Rand's Hallmark Stores Closing Monday, Being Auctioned Tuesday

All six stores remaining in the chain—including the Tinley Park location—are to close as part of bankruptcy proceedings, co-owner Val Rand said.

By Karen Sorensen, Joliet Patch Editor 

All six Rand's Hallmark stores, including the Tinley Park location at Brookside Marketplace, will close by day's end, employees confirmed Monday.

It's possible the stores will be assumed into the corporate Hallmark chain, purchased by another Hallmark franchise owner or independent buyer, or closed completely, said Joliet resident Val Rand, who no longer manages the business that bears his name but remains 80 percent invested. 

The stores are to be auctioned Tuesday.

"In this depression—I call it a depression—retail got hurt worse than anything," Rand said. "We lost 40 percent of our business in 2008."

The business, with stores at 7344 W. 191st St., and in Orland Hills, Frankfort, Joliet, Oswego and Lockport, went into receivership and is now facing bankruptcy, he said. 

In the last five years, Rand and partner Gary Watland shut down several stores, including those in Romeoville and Naperville, and Rand was forced out of management of the chain two years ago when it was decided that there was not enough income to support both partner owners, he said.  

"I've lost my entire life savings," Rand said. "Everything I had is going to be claimed in this bankruptcy."

Rand, a Barrington native, came to Joliet in 1967 when he was employed by the Hallmark Co. and worked in the printing division, he said.
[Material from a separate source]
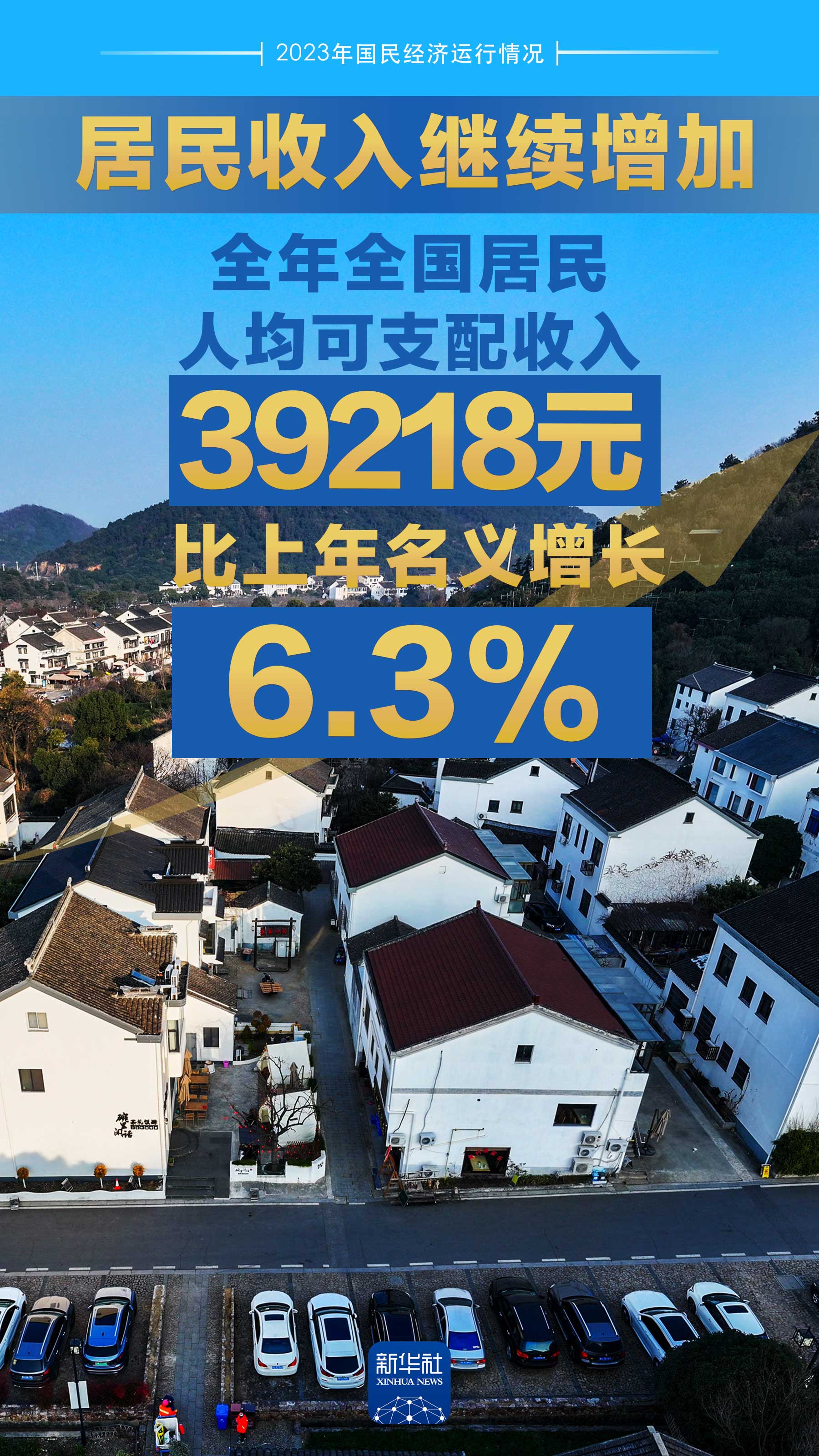 全年全國居民人均可支配收入比上年名義增長6.3%

He decided to open a Hallmark store as a franchise, and expanded from there, he said.

That they would be dealt such a devastating blow in the 2008 economic recession could not have been foreseen, Rand said. But the high-end card and gift industry is a luxury business when people need to cut back on their spending, he said.
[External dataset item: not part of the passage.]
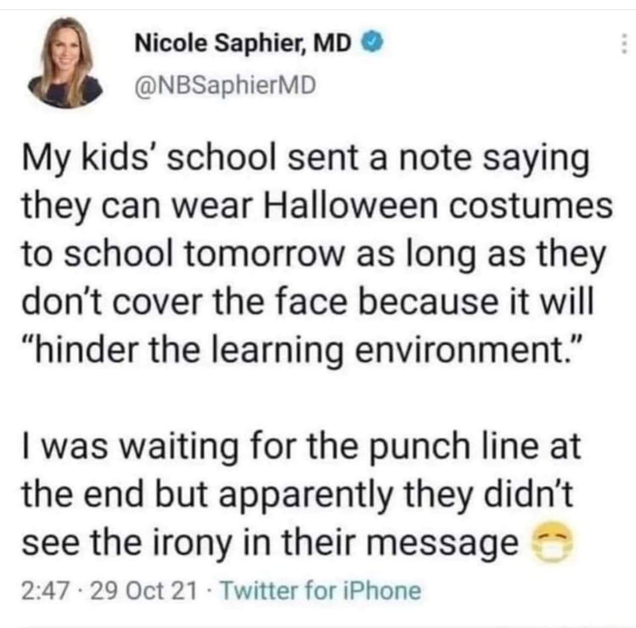 Nicole Saphier MD ~> No Halloween costume masks…

Still, he is hopeful the stores will remain in business, either purchased by the Hallmark Co. and run as a corporate business or by another Hallmark franchise owner.
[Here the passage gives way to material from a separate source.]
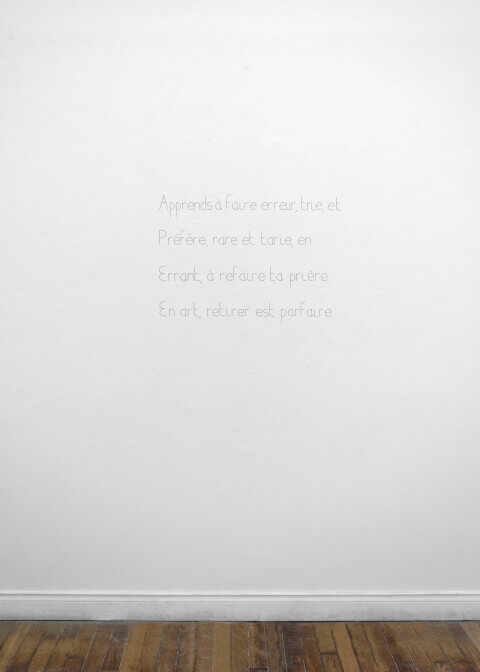 Poèmes en anaphone composés à partir d'aphorismes d'auteurs. Graphite sur mur blanc

At the Crest Hill location, an employee said the stores would be auctioned Tuesday, at which time workers will learn if they're completely out of a job or if someone else will step in and keep one or more of the stores going.

An employee at the Tinley Park location said she didn't know if that store would be picked up by the parent company or another business interest. The Tinley Park manager wouldn't be in until later Monday night to close the store, she said.